• **Task description**: Look through the records below for the line holding "由表3可知,4种γ-PGA处". Write it out exactly, with each following line through the line holding "2). We traveled".

• **The data**:
↓↓↓
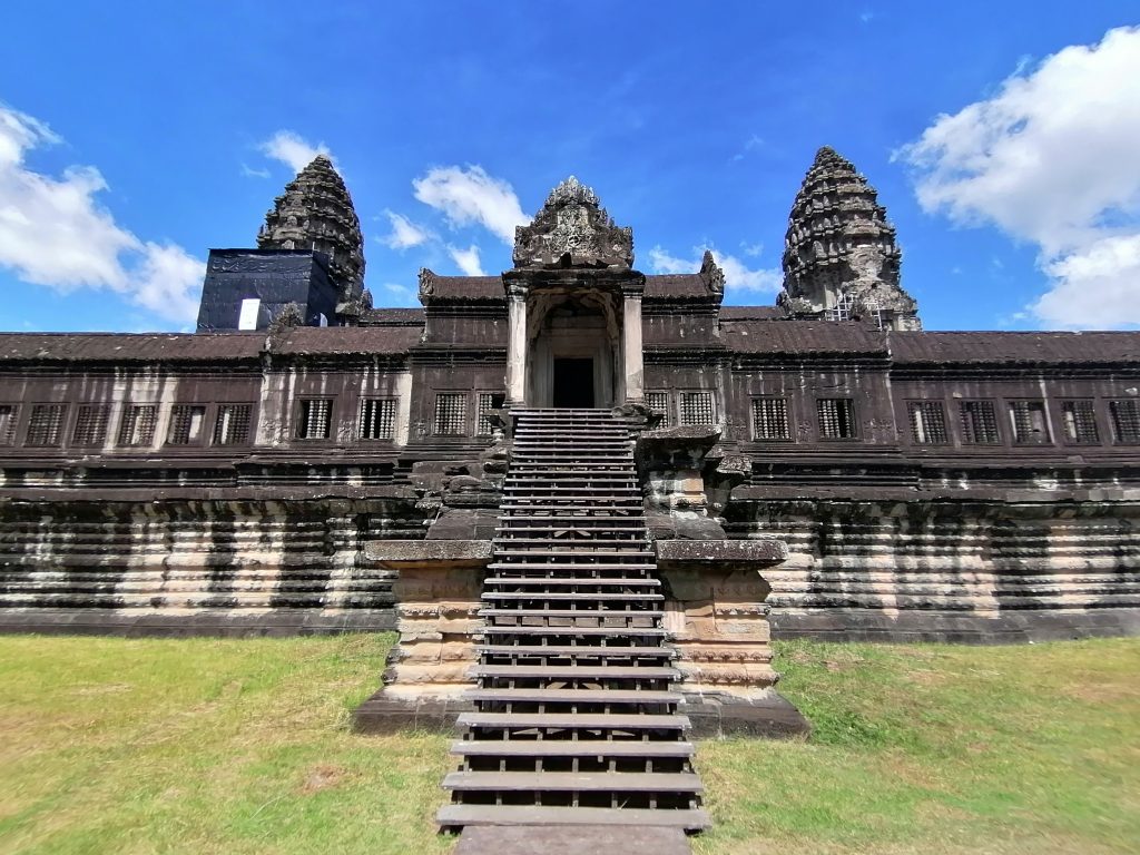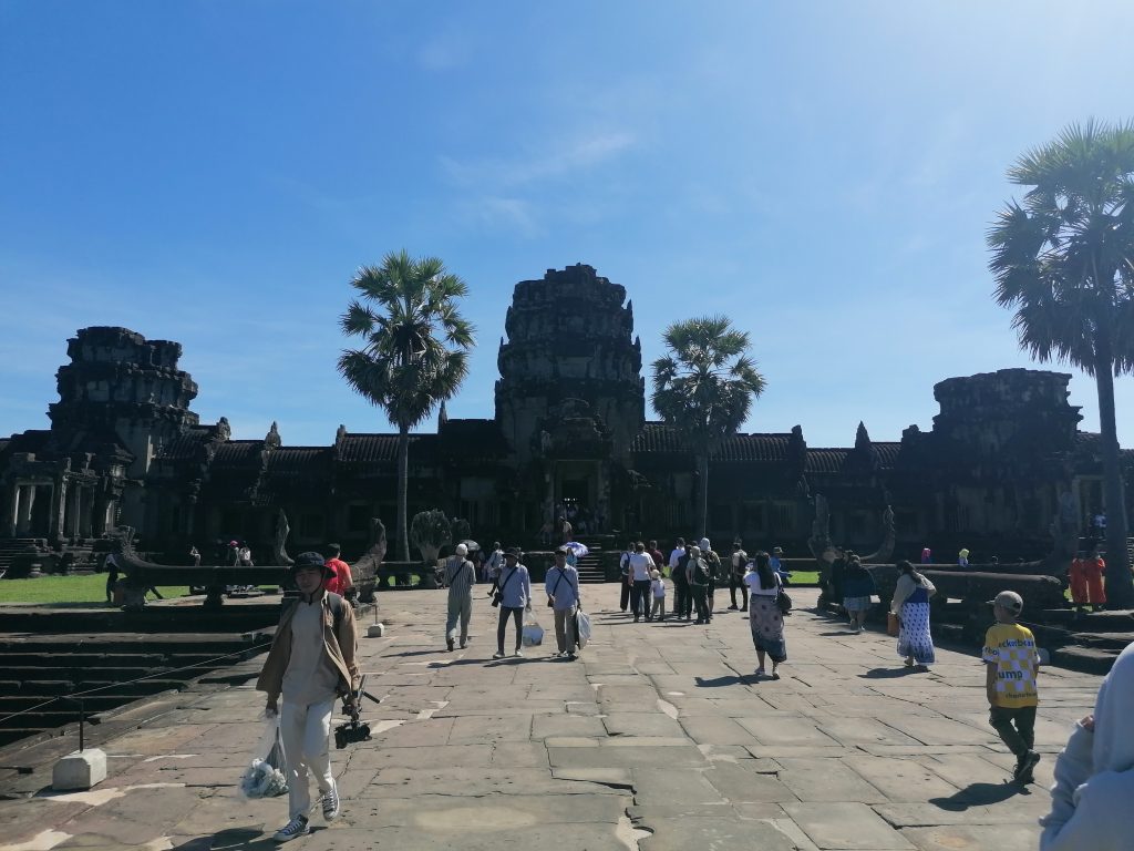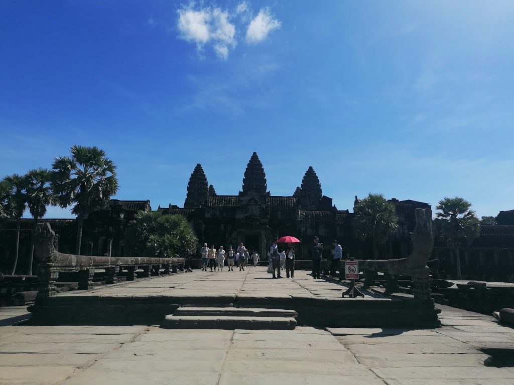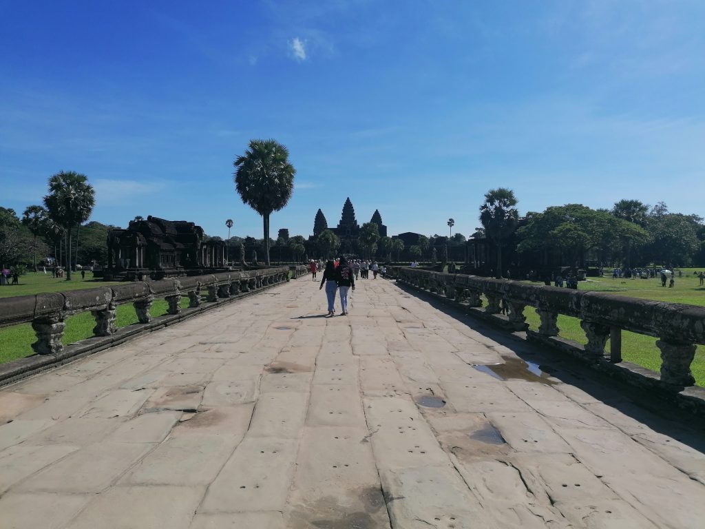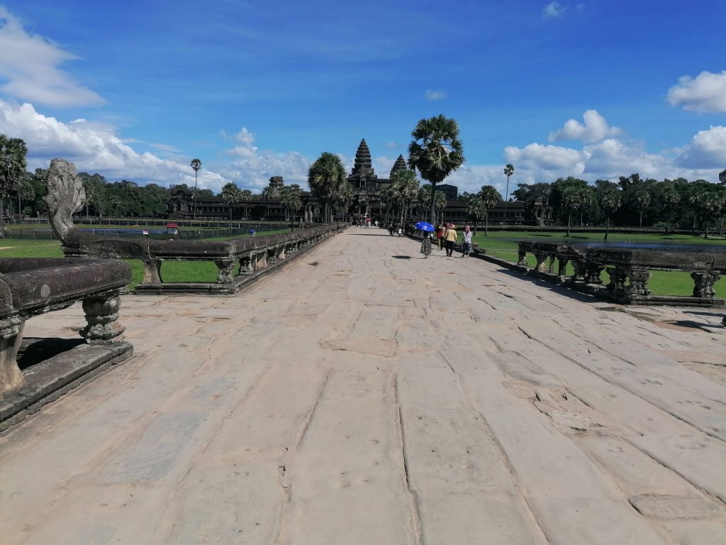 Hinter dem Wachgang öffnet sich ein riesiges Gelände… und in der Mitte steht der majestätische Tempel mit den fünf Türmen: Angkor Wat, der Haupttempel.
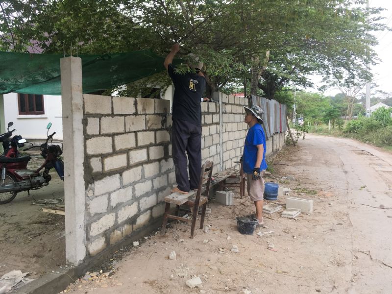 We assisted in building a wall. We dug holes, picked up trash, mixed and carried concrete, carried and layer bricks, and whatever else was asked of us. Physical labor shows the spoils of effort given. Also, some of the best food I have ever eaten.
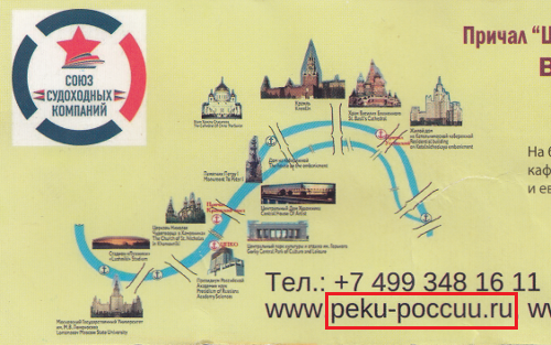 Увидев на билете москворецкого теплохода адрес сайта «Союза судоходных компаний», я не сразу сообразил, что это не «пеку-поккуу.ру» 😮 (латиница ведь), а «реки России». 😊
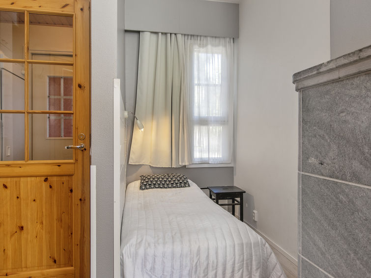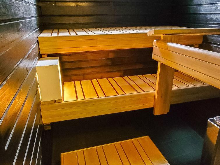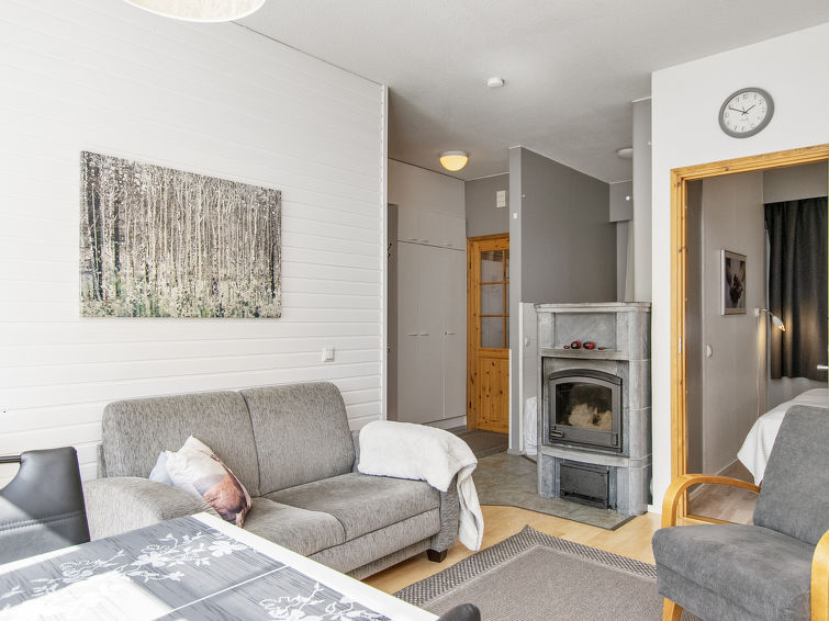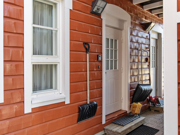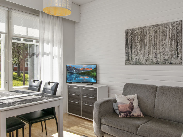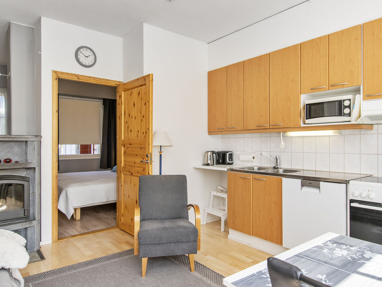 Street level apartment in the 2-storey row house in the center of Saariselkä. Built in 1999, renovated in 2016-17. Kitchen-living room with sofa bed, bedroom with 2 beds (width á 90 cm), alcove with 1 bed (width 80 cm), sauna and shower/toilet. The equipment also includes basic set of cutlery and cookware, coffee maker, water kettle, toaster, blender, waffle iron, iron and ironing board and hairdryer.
↑↑↑
↓↓↓
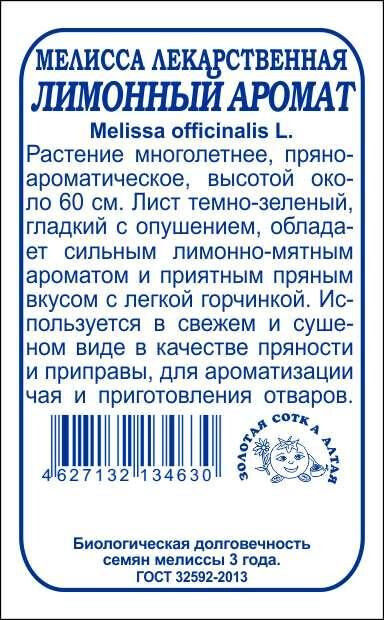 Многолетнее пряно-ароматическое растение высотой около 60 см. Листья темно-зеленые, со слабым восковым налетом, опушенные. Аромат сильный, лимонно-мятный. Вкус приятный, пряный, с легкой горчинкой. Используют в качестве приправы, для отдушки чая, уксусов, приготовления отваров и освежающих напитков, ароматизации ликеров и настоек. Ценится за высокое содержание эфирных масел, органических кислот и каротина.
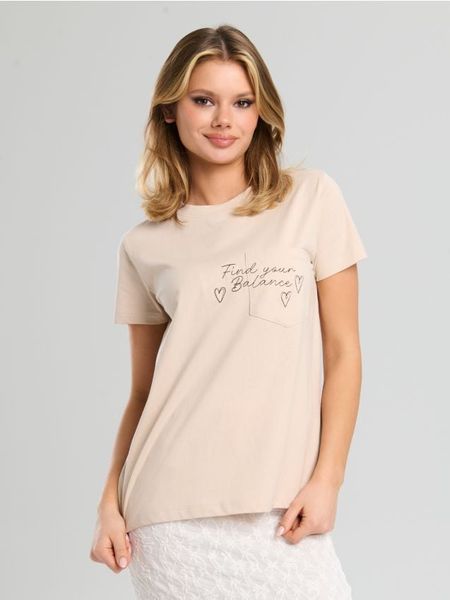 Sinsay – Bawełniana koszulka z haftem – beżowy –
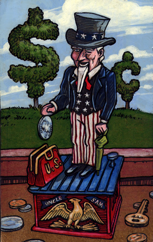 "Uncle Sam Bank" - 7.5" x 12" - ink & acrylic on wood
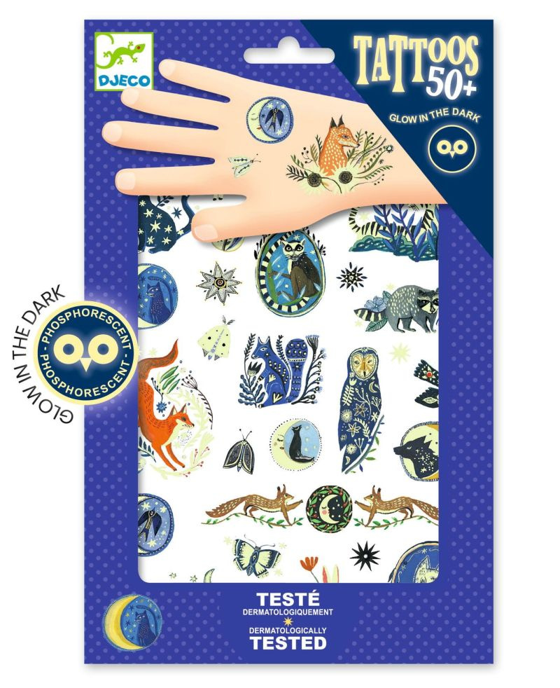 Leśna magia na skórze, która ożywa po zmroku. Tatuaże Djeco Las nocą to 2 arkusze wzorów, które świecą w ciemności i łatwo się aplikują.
↑↑↑
↓↓↓
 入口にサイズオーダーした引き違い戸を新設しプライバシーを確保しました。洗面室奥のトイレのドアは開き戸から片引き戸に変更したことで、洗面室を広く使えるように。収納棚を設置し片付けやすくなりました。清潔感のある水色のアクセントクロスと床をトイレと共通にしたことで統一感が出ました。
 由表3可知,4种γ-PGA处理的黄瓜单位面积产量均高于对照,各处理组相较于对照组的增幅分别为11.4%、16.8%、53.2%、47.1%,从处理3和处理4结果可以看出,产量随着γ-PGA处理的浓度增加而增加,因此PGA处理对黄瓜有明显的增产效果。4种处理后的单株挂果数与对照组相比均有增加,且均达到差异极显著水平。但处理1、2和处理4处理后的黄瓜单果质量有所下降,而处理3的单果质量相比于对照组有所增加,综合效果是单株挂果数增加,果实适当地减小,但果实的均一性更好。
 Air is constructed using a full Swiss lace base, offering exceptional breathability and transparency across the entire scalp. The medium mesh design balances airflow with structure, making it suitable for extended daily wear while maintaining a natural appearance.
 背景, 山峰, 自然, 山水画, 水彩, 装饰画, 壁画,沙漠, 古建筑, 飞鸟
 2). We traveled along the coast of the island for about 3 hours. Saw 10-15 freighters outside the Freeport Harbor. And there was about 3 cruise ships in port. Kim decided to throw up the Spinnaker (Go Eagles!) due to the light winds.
↑↑↑
• **Written reply**:
 由表3可知,4种γ-PGA处理的黄瓜单位面积产量均高于对照,各处理组相较于对照组的增幅分别为11.4%、16.8%、53.2%、47.1%,从处理3和处理4结果可以看出,产量随着γ-PGA处理的浓度增加而增加,因此PGA处理对黄瓜有明显的增产效果。4种处理后的单株挂果数与对照组相比均有增加,且均达到差异极显著水平。但处理1、2和处理4处理后的黄瓜单果质量有所下降,而处理3的单果质量相比于对照组有所增加,综合效果是单株挂果数增加,果实适当地减小,但果实的均一性更好。
 Air is constructed using a full Swiss lace base, offering exceptional breathability and transparency across the entire scalp. The medium mesh design balances airflow with structure, making it suitable for extended daily wear while maintaining a natural appearance.
 背景, 山峰, 自然, 山水画, 水彩, 装饰画, 壁画,沙漠, 古建筑, 飞鸟
 2). We traveled along the coast of the island for about 3 hours. Saw 10-15 freighters outside the Freeport Harbor. And there was about 3 cruise ships in port. Kim decided to throw up the Spinnaker (Go Eagles!) due to the light winds.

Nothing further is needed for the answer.